🤖 AI Summary
This work addresses the bottleneck in motion generation—its reliance on large-scale, task-specific motion capture (MoCap) datasets—by proposing a novel method that synthesizes diverse, physically plausible full-body reach-to-grasp motions using only a few seconds of walking MoCap data. Methodologically, it transfers implicit general locomotion priors from walking data to the grasping task for the first time; introduces an active data generation scheme coupled with local temporal feature alignment to jointly ensure motion naturalness and task success; and integrates kinematics-driven grasp pose initialization, physics-based simulation optimization, and data augmentation. Experiments demonstrate high grasp success rates and motion naturalness across diverse scenes and unseen objects, significantly outperforming existing approaches that require complete task-specific MoCap data.
📝 Abstract
Existing motion generation methods based on mocap data are often limited by data quality and coverage. In this work, we propose a framework that generates diverse, physically feasible full-body human reaching and grasping motions using only brief walking mocap data.
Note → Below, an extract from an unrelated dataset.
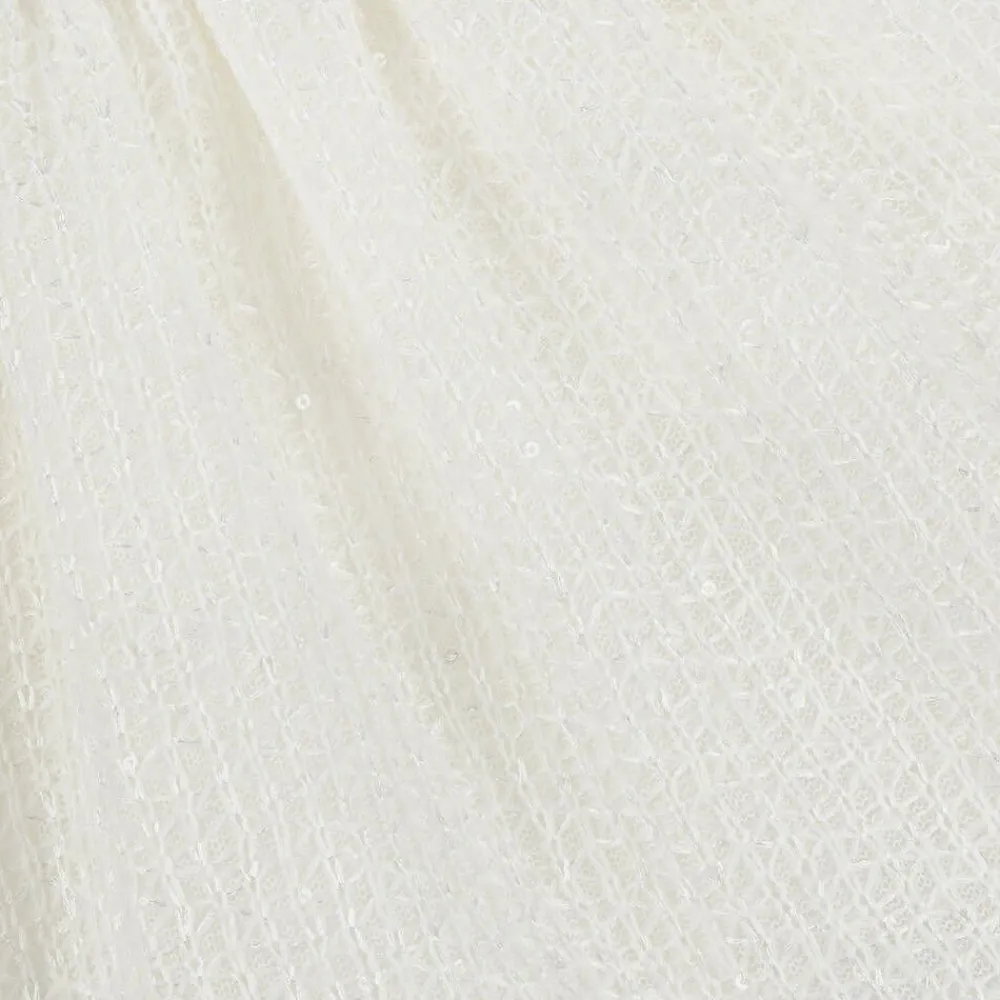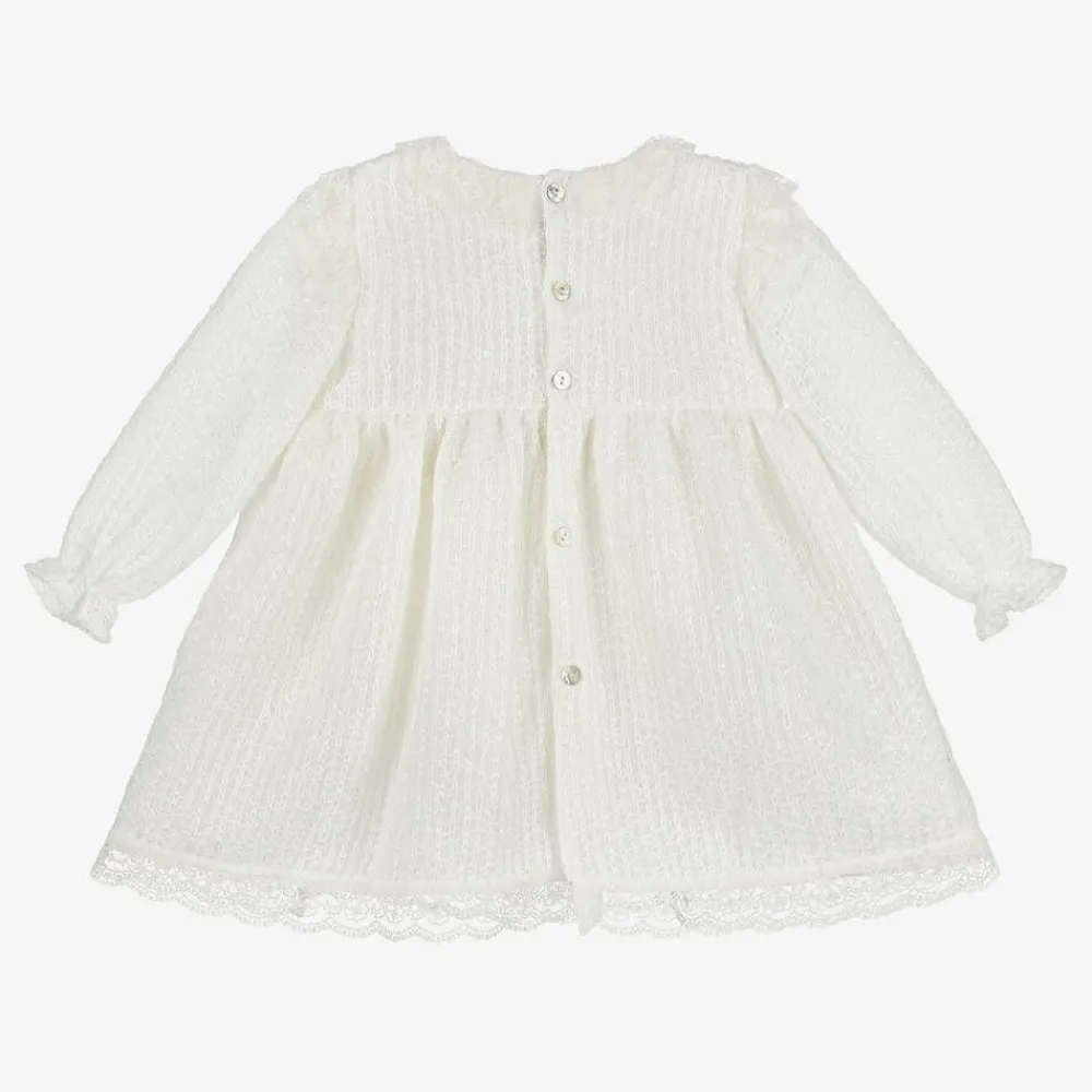 A gorgeous ivory dress for younger girls by Mebi, made in a delicate viscose blend knit. Intricately patterned and detailed with shimmering sequins, this delightful dress has beautiful, scalloped lace trims on the collar, hem and shoulders. Lovely for those special occasions, it has long sleeves with gently elasticated cuffs and charming mother-of-pearl button fastenings on the back. For a comfortable feel against delicate skin, the dress is lined in lightweight voile. Mebi is a very small fitting brand, please choose a size up to allow room to grow.
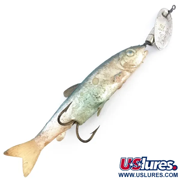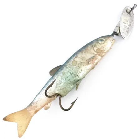 Con el número de registro 103346 grabado en su hoja plateada, esta cucharilla de fabricación italiana muestra la ingeniería clásica por la que Panther Martin es reconocida. El cuerpo realista imita a un pez pasto, mide 14 cm (5 1/2") y presenta un detallado patrón de escamas mit un suave degradado azul verdoso en el lomo. Con un peso de 21 g (3/4 oz), su construcción incluye un espaciador de bala lastrado situado entre la característica hoja montada en el eje y el cuerpo con forma de pez. Bajo el vientre, incorpora un robusto anzuelo doble diseñado para una clavada firme tanto en lanzado como en curricán. Este ejemplar, identificado con el código 5013, se encuentra en un estado de conservación 4/5, mostrando una definición clara de ojos y agallas junto a la marca 'MARTIN' grabada en el metal. La cola y las aletas han adquirido un ligero tono dorado con el tiempo, contrastando con la sección central plateada.

Base on the observation that walking data captures valuable movement patterns transferable across tasks and, on the other hand, the advanced kinematic methods can generate diverse grasping poses, which can then be interpolated into motions to serve as task-specific guidance. Our approach incorporates an active data generation strategy to maximize the utility of the generated motions, along with a local feature alignment mechanism that transfers natural movement patterns from walking data to enhance both the success rate and naturalness of the synthesized motions. By combining the fidelity and stability of natural walking with the flexibility and generalizability of task-specific generated data, our method demonstrates strong performance and robust adaptability in diverse scenes and with unseen objects.